Data records →
• • • • •

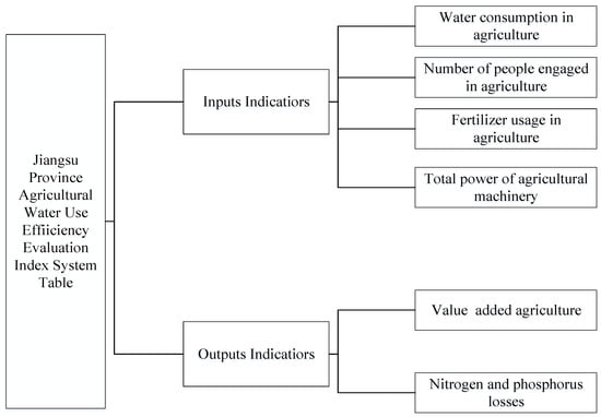 In order to make Jiangsu’s agricultural water efficiency evaluation index system more reasonable, the principles considered to develop the DEA technique are expressed as (i) systematic, each indicator has a certain degree of relevance to each other and can reflect the characteristics of the research subject from different perspectives; (ii) clarity, the indicators should be chosen with clear concepts and definitions, so that data can be collected easily and the indicators should not be overly detailed or redundant; (iii) quantifiable, the indicators should be selected in such a way that they can be calculated and measured in a consistent way for the purpose of evaluation and countermeasure provision; (iv) scientific, the selection of indicators for each dimension should reflect the scientific nature, be representative and reflect the characteristics of the research area, and the quantification of indicators must be based on scientific criteria.
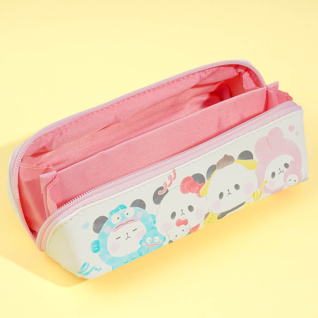 Use this kawaii pencil case to organize your pens, markers, and more. It features prints of Mochi Mochi Panda characters wearing outfits based on cuties from Sanrio. It has a zipper closure and it has two compartments for you to use.
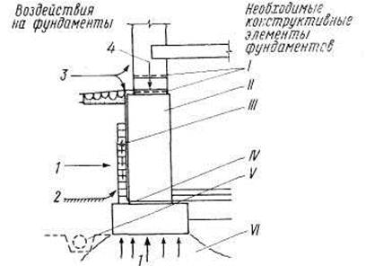 Воздействия на фундаменты: 1тАФ грунта и грунтовых вод; 2 тАФ проВнмерзания и пучения; 3 тАФ атмосферных осадков; 4 тАФ нагрузок
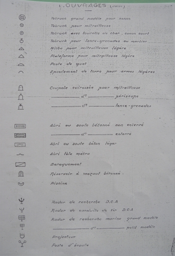 Légendes des cartes et plans du Mur de l'Atlantique, dont le plan de la fig. n°5 : ouvrages de fortification (Service Historique de la Défense)Immatriculation
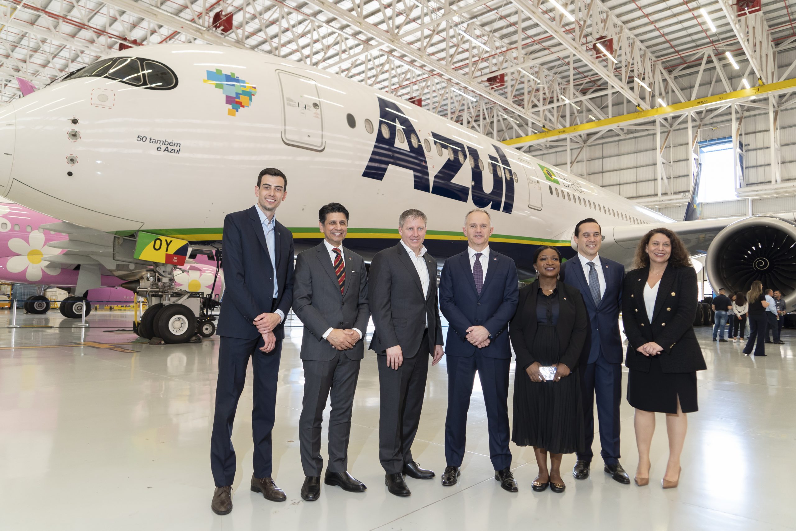 De longe, estacionadas no hangar, as presenças ilustres da menor e da maior aeronave da Azul, um Cessna Grand Caravan e um A350, já anunciavam o motivo da festa em sua fuselagem. As aeronaves foram adesivadas com mensagens para marcar o momento e, principalmente, para compartilhar com os Clientes uma conquista inédita que já é encarada como missão pela companhia: O céu é Azul em ponto! Ganhe tempo, voe Azul _somos a mais pontual do mundo.
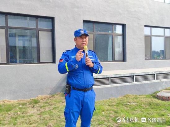 学校老师、宿管员、保安以及枣庄蓝天救援队9名队员分别在楼道内、楼梯口、出口处指挥疏导学生安全有序“逃生”。枣庄蓝天救援队王伟队长告诉学生们,遇到相关情况大家不要恐慌,不要拥挤,要在老师或者宿管员的带领下,用湿毛巾或衣袖遮住口鼻,同时要低身前行,这样可以避免吸入浓烟,并迅速疏散撤离到安全地带。
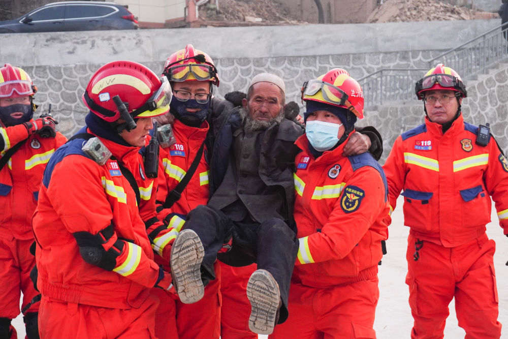 ↑ 12月19日,在甘肃省临夏回族自治州积石山保安族东乡族撒拉族自治县大河家镇大河村,消防人员开展救援。新华社记者马希平摄
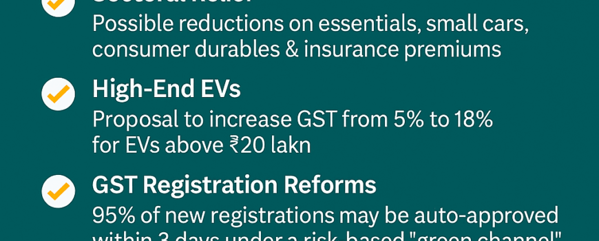 All eyes were on today’s GST Council meet – and rightly so! The long-awaited “GST 2.0” discussions have begun, and as per reputed news sources (Moneycontrol, Reuters, Economic Times, Outlook Business, TOI, CNBC), several key updates are under consideration; Key Updates (Notified Status Awaited) ✅ Two-Slab Structure Proposal Simplification to 5% & 18%, with 40%[…..]
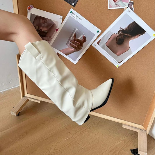 Chunky Heel Pointed Toe Plain Faux Leather Tall Boots
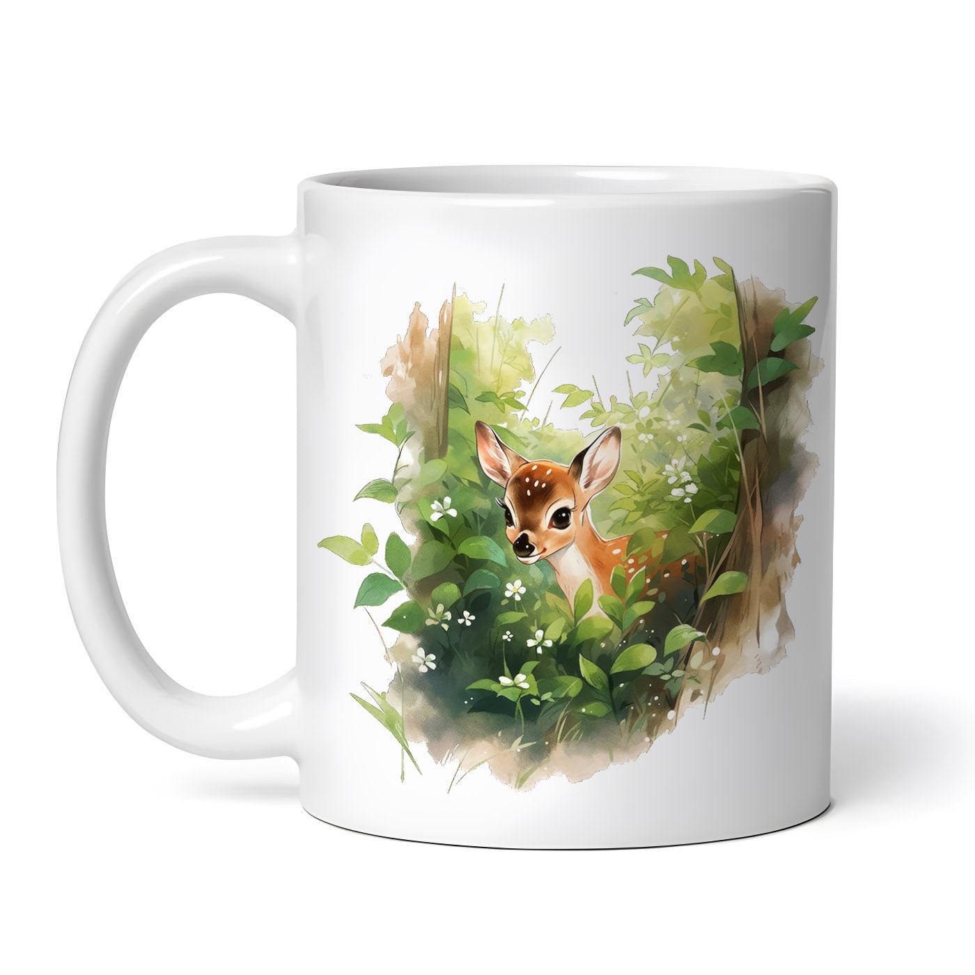 Cana ceramica, Pui de caprioara, NO1068, 330 ml, Multicolor

• • • • •

Exact copy, no pictures: reproduce the whole listing above.

 In order to make Jiangsu’s agricultural water efficiency evaluation index system more reasonable, the principles considered to develop the DEA technique are expressed as (i) systematic, each indicator has a certain degree of relevance to each other and can reflect the characteristics of the research subject from different perspectives; (ii) clarity, the indicators should be chosen with clear concepts and definitions, so that data can be collected easily and the indicators should not be overly detailed or redundant; (iii) quantifiable, the indicators should be selected in such a way that they can be calculated and measured in a consistent way for the purpose of evaluation and countermeasure provision; (iv) scientific, the selection of indicators for each dimension should reflect the scientific nature, be representative and reflect the characteristics of the research area, and the quantification of indicators must be based on scientific criteria.
 Use this kawaii pencil case to organize your pens, markers, and more. It features prints of Mochi Mochi Panda characters wearing outfits based on cuties from Sanrio. It has a zipper closure and it has two compartments for you to use.
 Воздействия на фундаменты: 1тАФ грунта и грунтовых вод; 2 тАФ проВнмерзания и пучения; 3 тАФ атмосферных осадков; 4 тАФ нагрузок
 Légendes des cartes et plans du Mur de l'Atlantique, dont le plan de la fig. n°5 : ouvrages de fortification (Service Historique de la Défense)Immatriculation
 De longe, estacionadas no hangar, as presenças ilustres da menor e da maior aeronave da Azul, um Cessna Grand Caravan e um A350, já anunciavam o motivo da festa em sua fuselagem. As aeronaves foram adesivadas com mensagens para marcar o momento e, principalmente, para compartilhar com os Clientes uma conquista inédita que já é encarada como missão pela companhia: O céu é Azul em ponto! Ganhe tempo, voe Azul _somos a mais pontual do mundo.
 学校老师、宿管员、保安以及枣庄蓝天救援队9名队员分别在楼道内、楼梯口、出口处指挥疏导学生安全有序“逃生”。枣庄蓝天救援队王伟队长告诉学生们,遇到相关情况大家不要恐慌,不要拥挤,要在老师或者宿管员的带领下,用湿毛巾或衣袖遮住口鼻,同时要低身前行,这样可以避免吸入浓烟,并迅速疏散撤离到安全地带。
 ↑ 12月19日,在甘肃省临夏回族自治州积石山保安族东乡族撒拉族自治县大河家镇大河村,消防人员开展救援。新华社记者马希平摄
 All eyes were on today’s GST Council meet – and rightly so! The long-awaited “GST 2.0” discussions have begun, and as per reputed news sources (Moneycontrol, Reuters, Economic Times, Outlook Business, TOI, CNBC), several key updates are under consideration; Key Updates (Notified Status Awaited) ✅ Two-Slab Structure Proposal Simplification to 5% & 18%, with 40%[…..]
 Chunky Heel Pointed Toe Plain Faux Leather Tall Boots
 Cana ceramica, Pui de caprioara, NO1068, 330 ml, Multicolor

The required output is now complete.